Created by Freddy L. Gonzalez (Turner Lab)
This repo contains data, code, results, and figures related to the analysis of captive beluga whale microbiomes at Mystic Aquarium, Mystic, CT.
Metadata for all sequenced specimens is available in the 'metadata' folder.
There are currently two pipelines with various sub-workflows.
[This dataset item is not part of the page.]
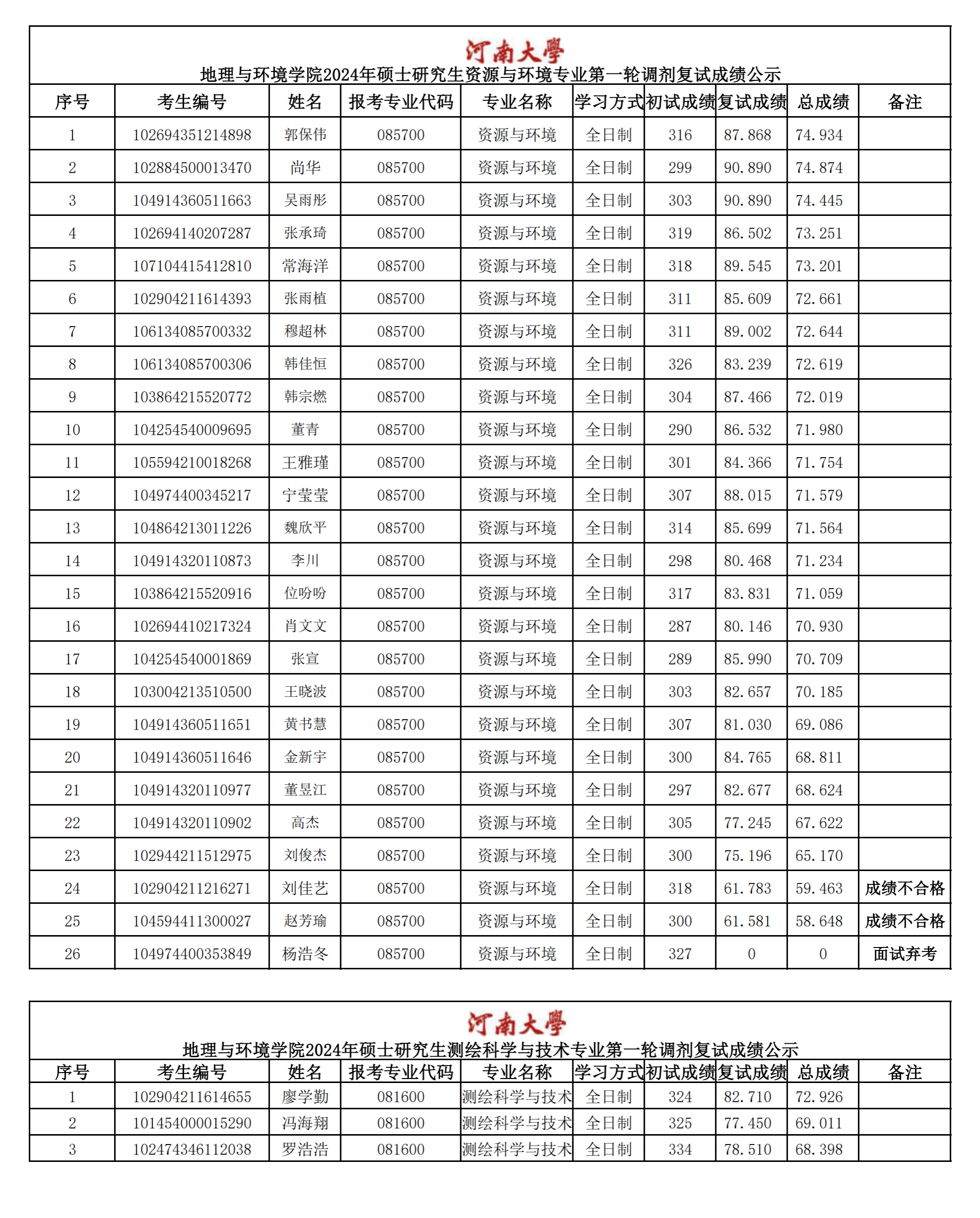 香蕉视频 地理与环境学院2024年硕士研究生第一轮调剂复试成绩公示

To run this pipeline, simply run the rule_all.smk, which will create data for the following processes:
- 1_Metagenome_Assembly
- 1_pre_processing.smk - Includes adapter trimming and low quality read removal, filtering of host reads, and deduplication of reads
- 2_assembly.smk - Currently includes contig assembly using both metaSPAdes and megahit
- 3_dedup_contigs.smk - De-duplication of contigs assembled in Step 2
- 4_align_reads_to_contigs.smk - Alignment of de-duplicated short reads to contig assemblies
- 5_evaluate_assemblies.smk - Assessment of contig assemblies
- 6_binning.smk - Binning, bin aggregation, and quality checks of bins
- 2_Taxonomic_Assignment
- 1_taxonomic_classification.smk - Read- and MAG-based taxonomic classification
- 2_phylogenomics.smk - Placement of MAGs within phylogenetic trees
- 3_functional_profiling.smk - Gene calling and functional profiling of MAGs
- 4_AMR_surveillance.smk - Surveying for chromosomal and mobile AMR genes
- 5_pangenomics.smk - Depicting microbial diversity via pangenomic models
Relevant results necessary to create Figures.
Main and supplementary figures that will make it to the final manuscript.
Contains some helper scripts for running the pipeline.